The bottom line is there are multiple mistakes students can make with their money in college. For more information on how to avoid these mistakes, consult a financial advisor in Mercy Hall or your PACT mentor.
Students should try hard to avoid these five major mistakes, but students should look into one smart decision of trying to pay for loans while they are in college.
About 56 percent of people enrolled in Sallie Mae’s Smart Option Student Loan plans are now paying their loans while still in school, according to a report from the private student loan lender. Whenever someone enrolled in the program begins to pay loans back, those students receive a total of two percent back in rewards. This loan plan paid about $2 million in awards since 2010, which shows that there were about $100 million in payments that have been made by students still in school during 2012.

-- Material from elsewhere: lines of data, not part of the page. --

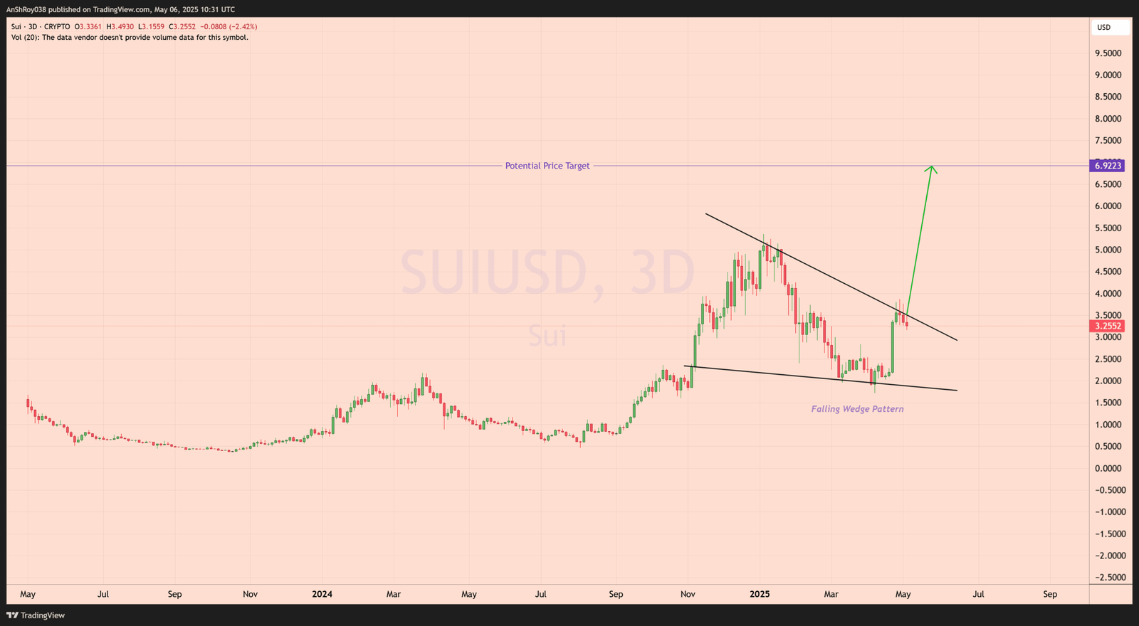 The pattern’s projected target sits near the $6.90 level, calculated by measuring the height of the wedge from its widest point and projecting it above the resistance. However, this remains theoretical until SUI breaks and holds above the wedge’s upper boundary with conviction.
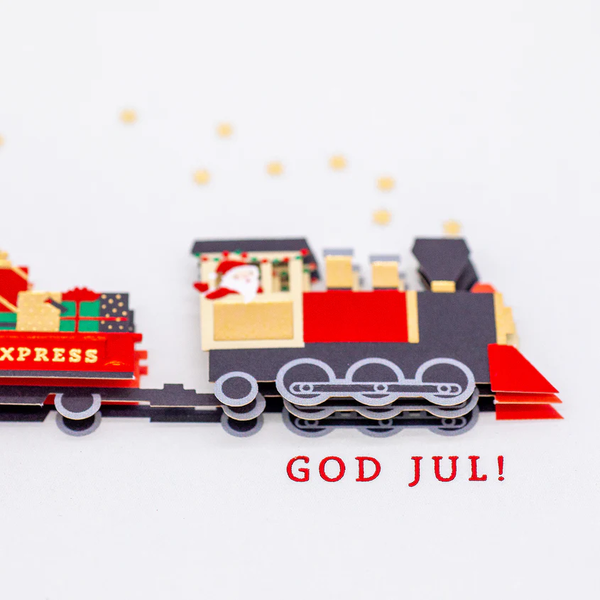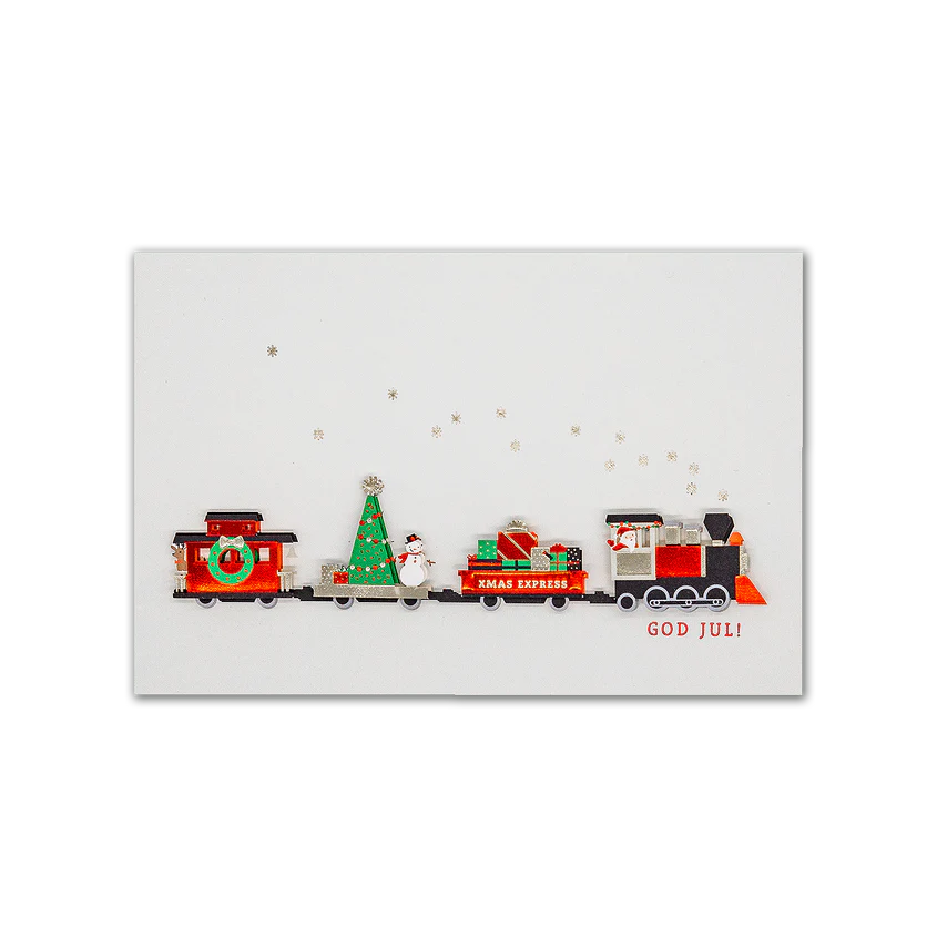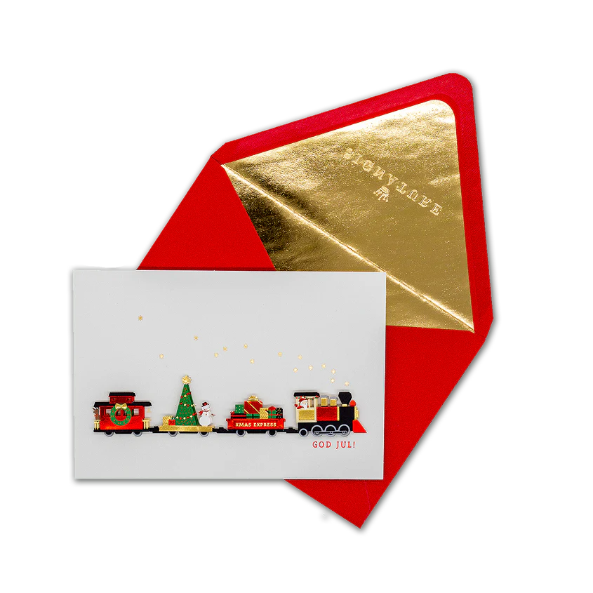 Kuvert med röd utsida och guldfärgad insida medföljer.
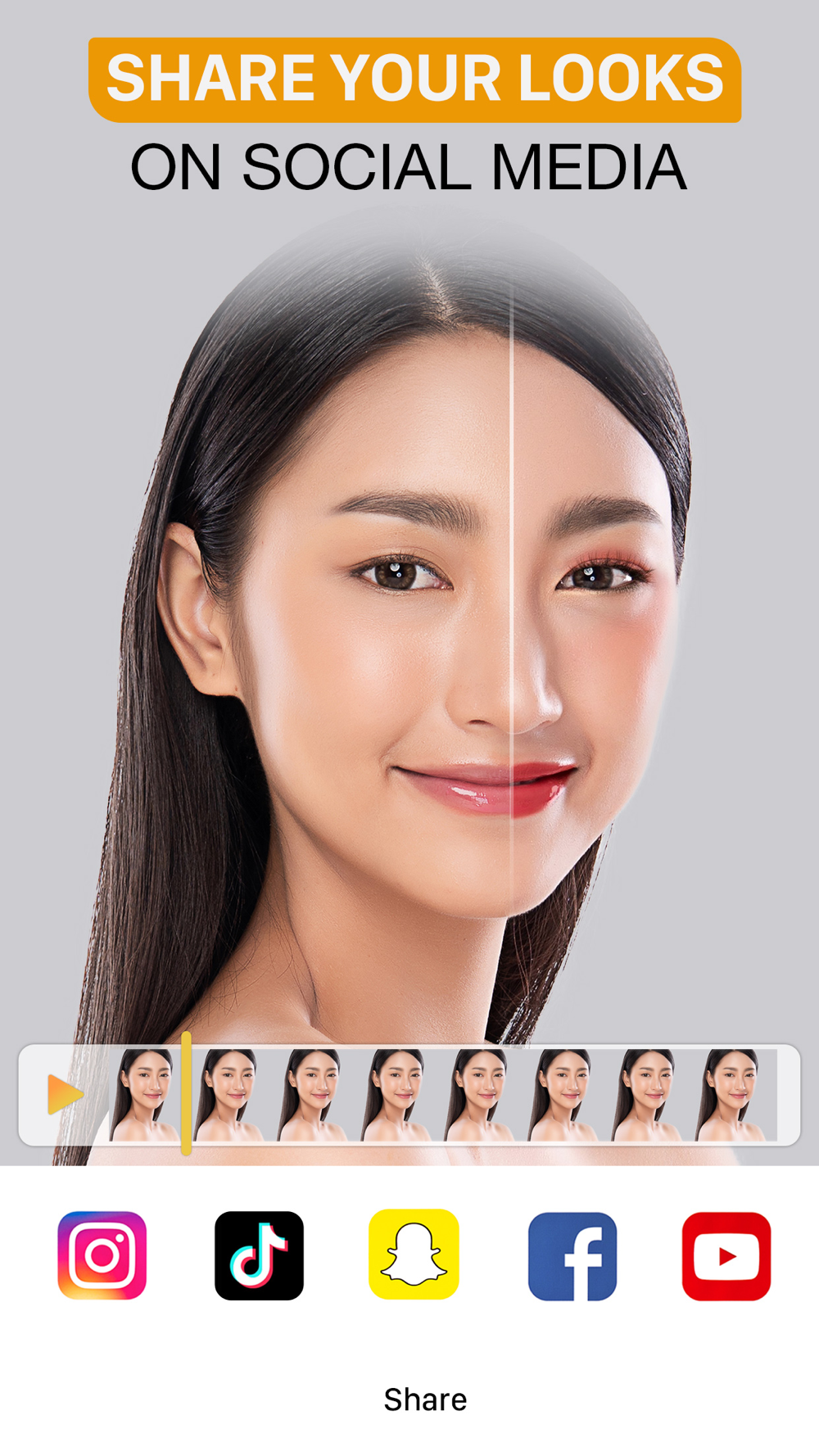 Simply drag the timeline to a specific frame and see your makeup look in every detail. Now you can make sure that your makeup looks flawless from every angle.
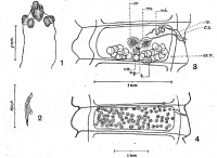 Fig. 1. Scolex with a portion of unsegmented region. x20. Fig. 2. A hook on the rostellum. x160. Fig. 3. A mature proglottis. x44. c.s. cirrus-sac; ex.v. excretory vessel; ov. ovary; r.s. receptaculum seminis; s.g. shell gland; t. testes; v. vagina; v.d. vas deferens; vit. vitelline gland. Fig. 4. A gravid proglottis. x20.
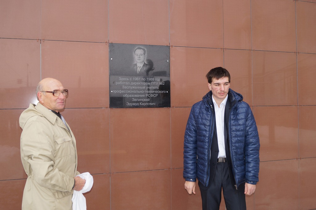 1 ноября состоялась торжественная церемония открытия мемориальной доски Зелинского Эдуарда Карловича – заслуженного учителя профессионально-технического образования РСФСР, кавалера ордена Трудового Красного Знамени, мастера производственного обучения, а затем и директора профессионального училища № 2 – ныне Новосибирского технического колледжа им. А.И. Покрышкина.
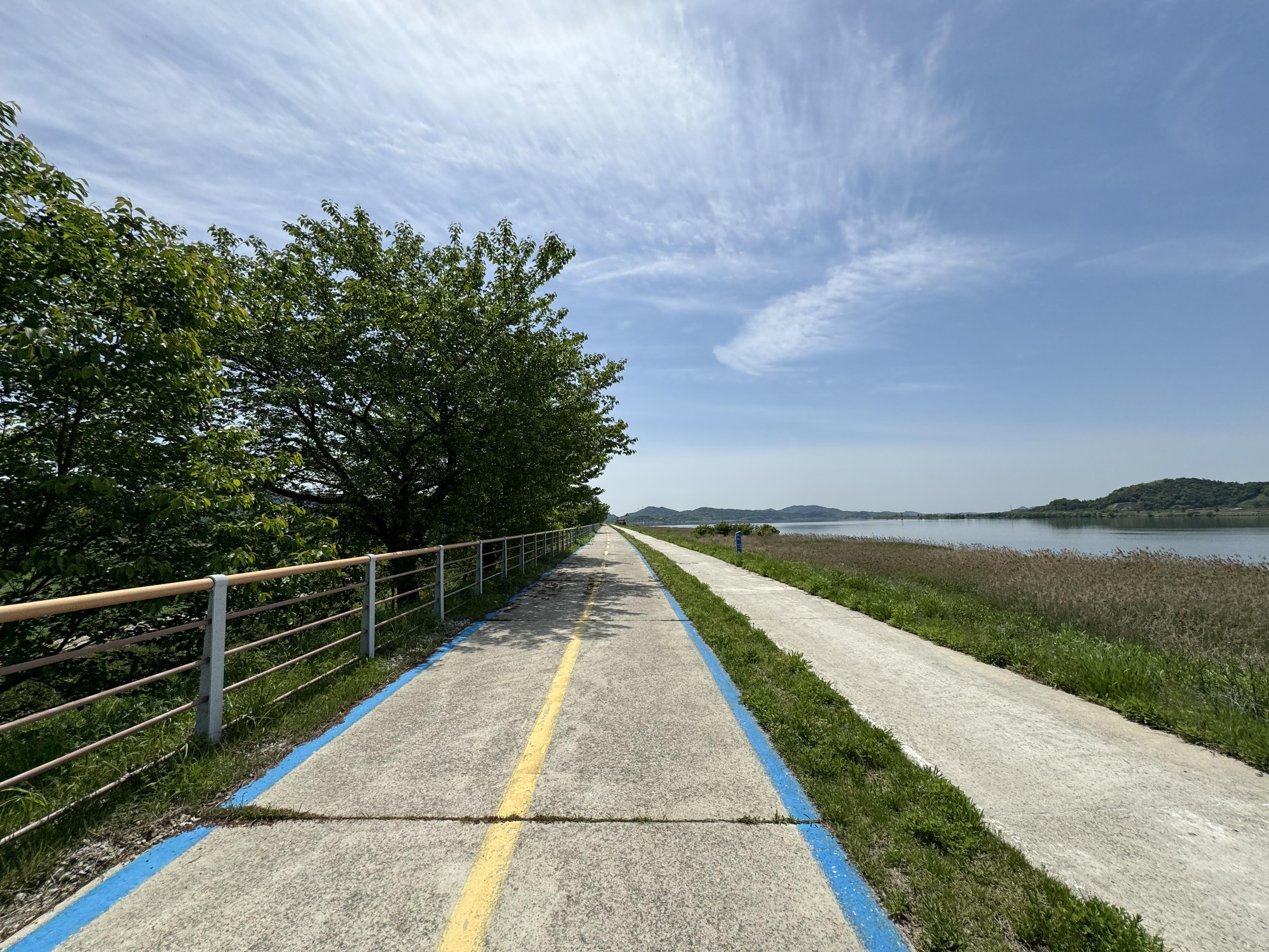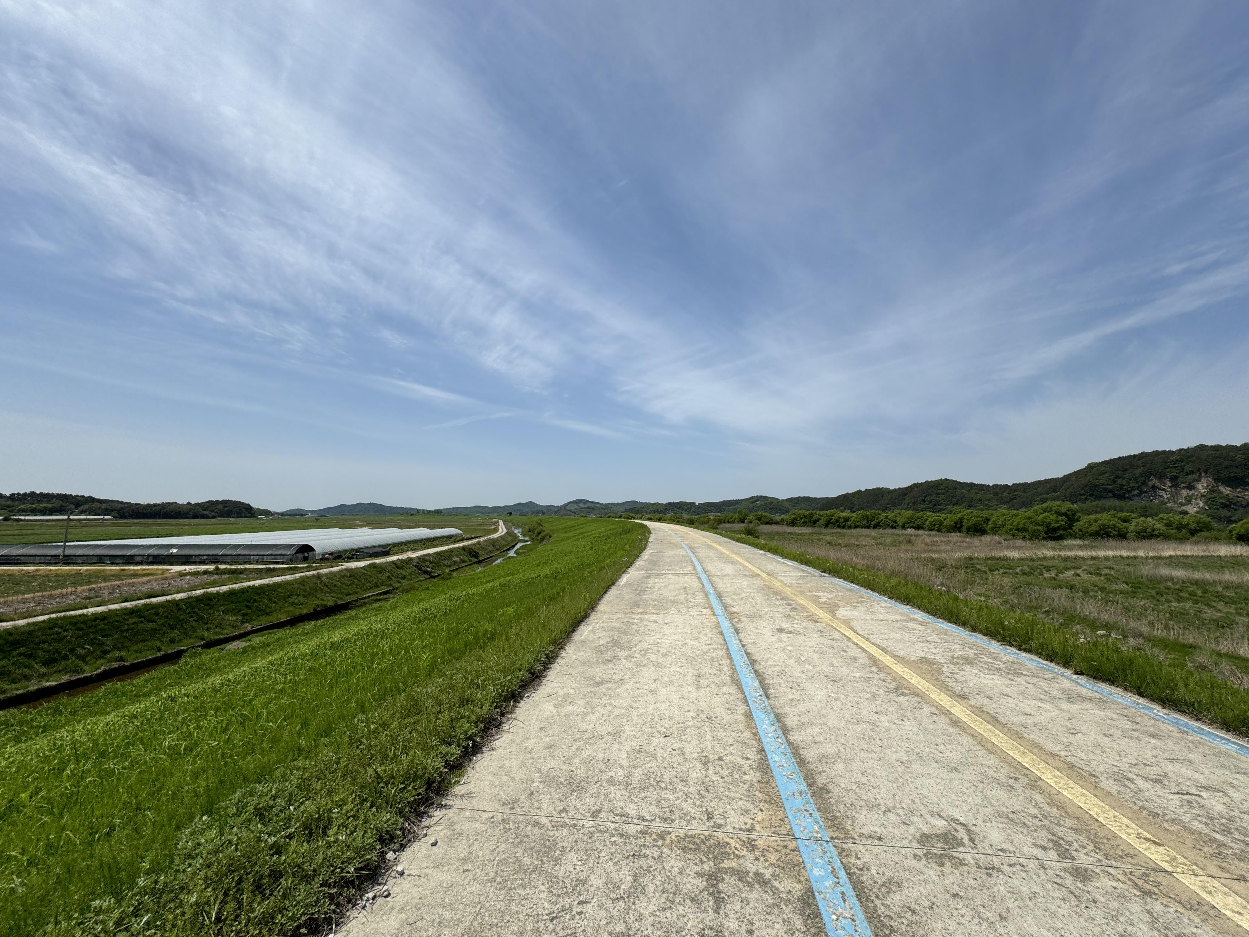 그리고 산길을 지나면 다시 드넓은 평지를 달리게 된다. 사실상 이제 금강하굿둑 인증센터까지 오르막은 두어개 정도만이 남아있다고 보면 된다. 그것도 그렇게 높은 산이라거나 고개가 아니니까 이제부터는 좀 편한 길이 이어진다.

“Paying for college is a significant commitment for any family, and in many cases it is a student’s first opportunity to participate in a major financial decision,” said Charlie Rocha, senior vice president at Sallie Mae. “We’ve designed our loan program to promote financial responsibility by encouraging families not to wait until graduation to start loan payments, even nominal ones, and rewarding them for it.”
Faith Rodriguez, a sophomore at Mercy College, only takes out loans in the fall semesters, but she says she is going to pay for them in the future. “I plan to live with my mom for a little bit when I get out of college, so it won’t be too much of a struggle because there will be fewer bills to pay for. That is when I will worry about paying for loans.”
Everyone has a different post-graduate plan but another mistake that should be avoided is leaving loans to pile up until you have no choice but to pay them. Try to get a head start, and you will thank yourself later, added Rocha.